> Data
■ ■ ■
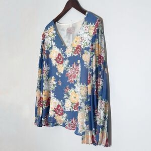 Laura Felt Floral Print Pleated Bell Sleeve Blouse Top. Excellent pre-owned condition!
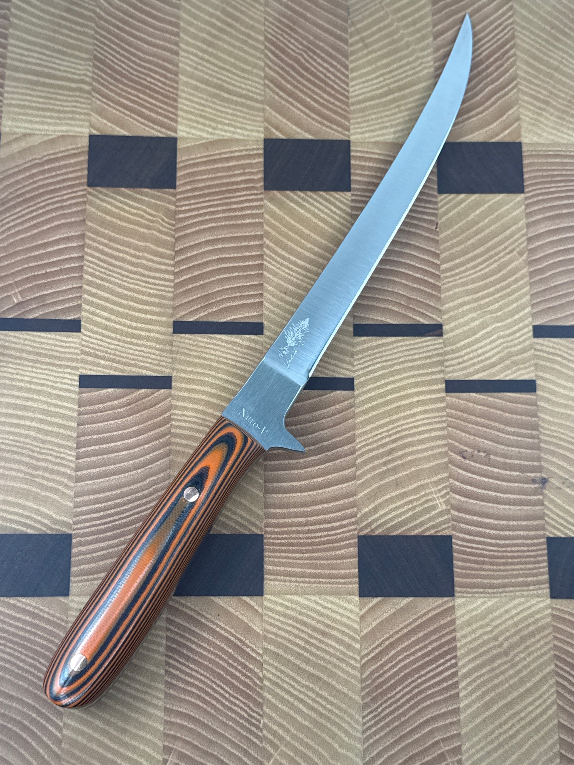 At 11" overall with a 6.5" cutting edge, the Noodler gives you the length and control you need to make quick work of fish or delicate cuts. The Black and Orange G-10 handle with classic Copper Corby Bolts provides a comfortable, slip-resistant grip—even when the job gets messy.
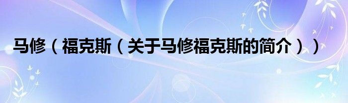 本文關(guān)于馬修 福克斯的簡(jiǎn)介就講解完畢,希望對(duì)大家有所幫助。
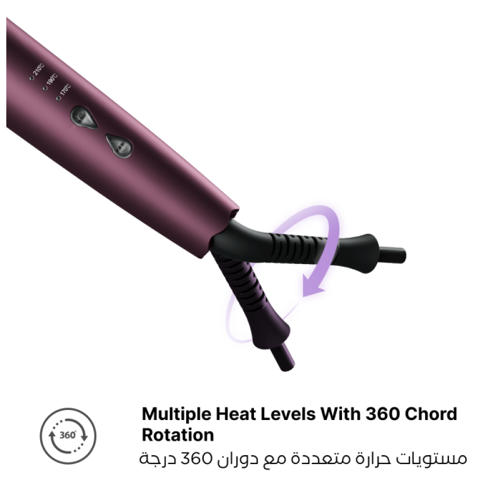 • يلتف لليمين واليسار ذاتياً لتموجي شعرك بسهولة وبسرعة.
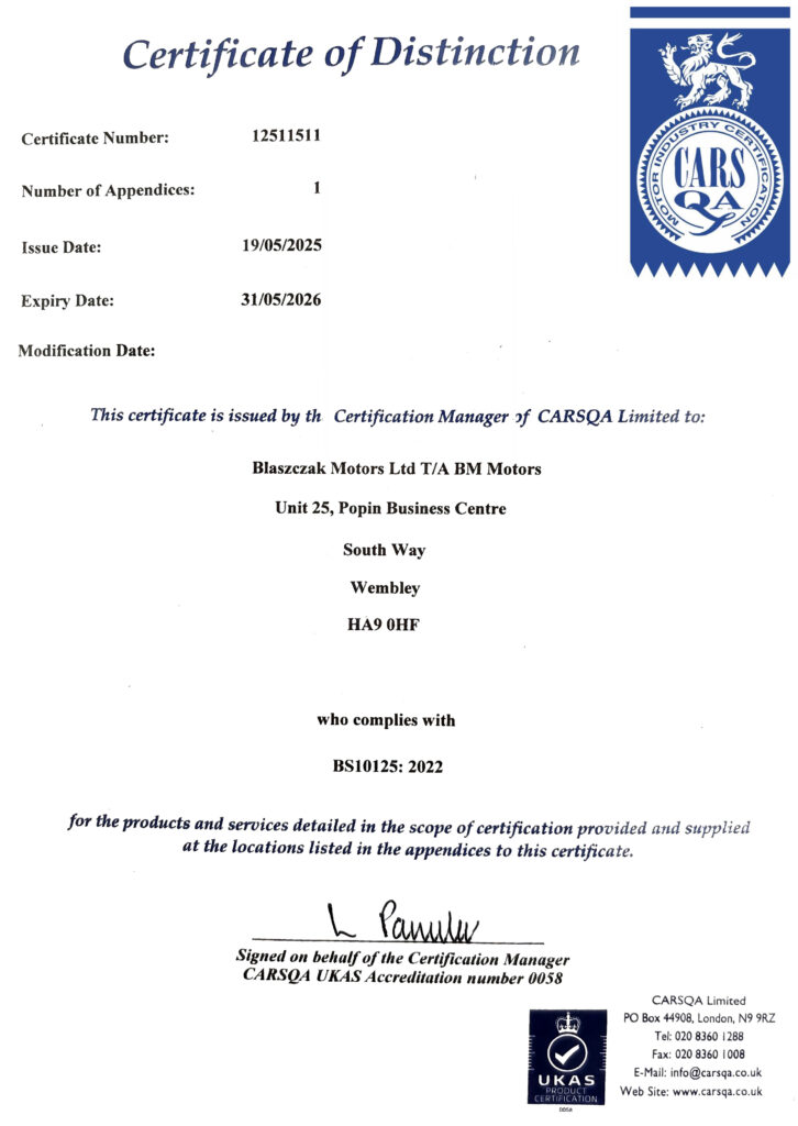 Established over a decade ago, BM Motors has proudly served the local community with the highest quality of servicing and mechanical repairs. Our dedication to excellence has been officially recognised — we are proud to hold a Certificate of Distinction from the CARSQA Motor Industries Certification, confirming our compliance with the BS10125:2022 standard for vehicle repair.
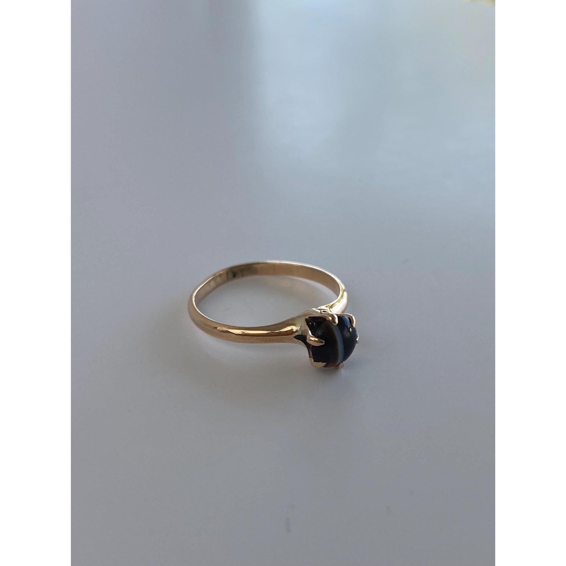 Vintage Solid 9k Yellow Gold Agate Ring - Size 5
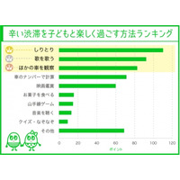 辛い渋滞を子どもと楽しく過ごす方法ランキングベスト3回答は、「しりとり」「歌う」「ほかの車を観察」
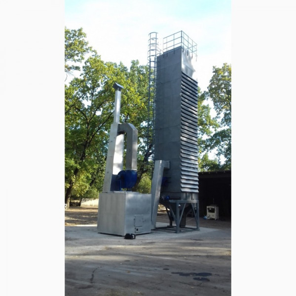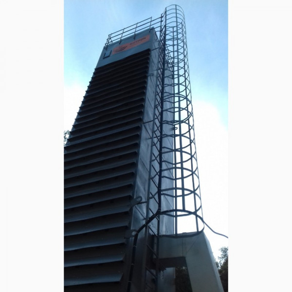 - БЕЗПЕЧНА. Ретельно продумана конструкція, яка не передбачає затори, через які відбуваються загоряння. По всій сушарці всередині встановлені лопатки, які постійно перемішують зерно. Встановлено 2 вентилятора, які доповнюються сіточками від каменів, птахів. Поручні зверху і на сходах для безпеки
■ ■ ■
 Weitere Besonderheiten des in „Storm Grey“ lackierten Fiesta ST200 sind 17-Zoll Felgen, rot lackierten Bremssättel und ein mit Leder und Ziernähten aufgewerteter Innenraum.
■ ■ ■
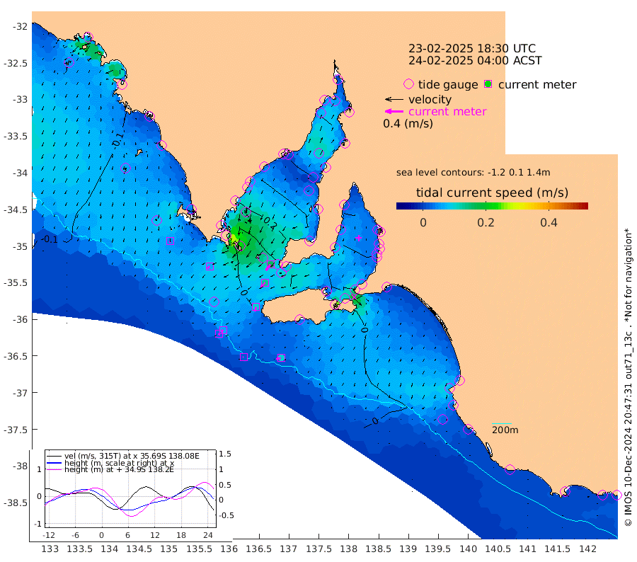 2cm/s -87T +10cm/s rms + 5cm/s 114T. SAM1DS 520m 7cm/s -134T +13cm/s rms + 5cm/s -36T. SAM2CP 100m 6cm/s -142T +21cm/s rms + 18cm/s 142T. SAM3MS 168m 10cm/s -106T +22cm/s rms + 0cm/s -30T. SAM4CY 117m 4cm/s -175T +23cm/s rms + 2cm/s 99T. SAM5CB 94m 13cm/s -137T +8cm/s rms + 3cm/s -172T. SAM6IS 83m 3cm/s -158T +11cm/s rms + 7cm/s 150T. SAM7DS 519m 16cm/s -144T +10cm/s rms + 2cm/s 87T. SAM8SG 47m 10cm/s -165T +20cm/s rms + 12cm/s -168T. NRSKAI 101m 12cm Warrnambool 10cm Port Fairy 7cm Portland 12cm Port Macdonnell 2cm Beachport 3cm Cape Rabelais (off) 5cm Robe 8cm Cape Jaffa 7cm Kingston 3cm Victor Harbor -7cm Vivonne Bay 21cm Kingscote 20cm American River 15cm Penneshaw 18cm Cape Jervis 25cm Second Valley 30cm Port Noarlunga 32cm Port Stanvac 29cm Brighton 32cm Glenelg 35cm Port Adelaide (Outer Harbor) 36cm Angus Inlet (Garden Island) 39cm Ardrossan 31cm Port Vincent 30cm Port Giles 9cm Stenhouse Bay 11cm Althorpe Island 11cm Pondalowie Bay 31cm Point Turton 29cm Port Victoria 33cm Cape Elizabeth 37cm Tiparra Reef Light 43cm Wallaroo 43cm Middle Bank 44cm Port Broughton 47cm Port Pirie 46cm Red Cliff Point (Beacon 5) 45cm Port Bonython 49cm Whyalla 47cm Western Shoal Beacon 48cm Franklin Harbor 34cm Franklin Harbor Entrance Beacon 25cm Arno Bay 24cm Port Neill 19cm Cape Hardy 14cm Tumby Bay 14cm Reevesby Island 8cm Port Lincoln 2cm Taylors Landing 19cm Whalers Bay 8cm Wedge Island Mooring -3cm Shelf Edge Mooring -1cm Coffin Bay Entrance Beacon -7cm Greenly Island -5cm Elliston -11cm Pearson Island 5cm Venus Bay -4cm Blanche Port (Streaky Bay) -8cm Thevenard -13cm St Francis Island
■ ■ ■
> Your objective
Repeat only the stretch of data above that runs from the line with "本文關(guān)于馬修 福" to the line with "شعرك بسهولة وبسرعة.". Keep both end lines; exclude pictures.

> Answer below
 本文關(guān)于馬修 福克斯的簡(jiǎn)介就講解完畢,希望對(duì)大家有所幫助。
 • يلتف لليمين واليسار ذاتياً لتموجي شعرك بسهولة وبسرعة.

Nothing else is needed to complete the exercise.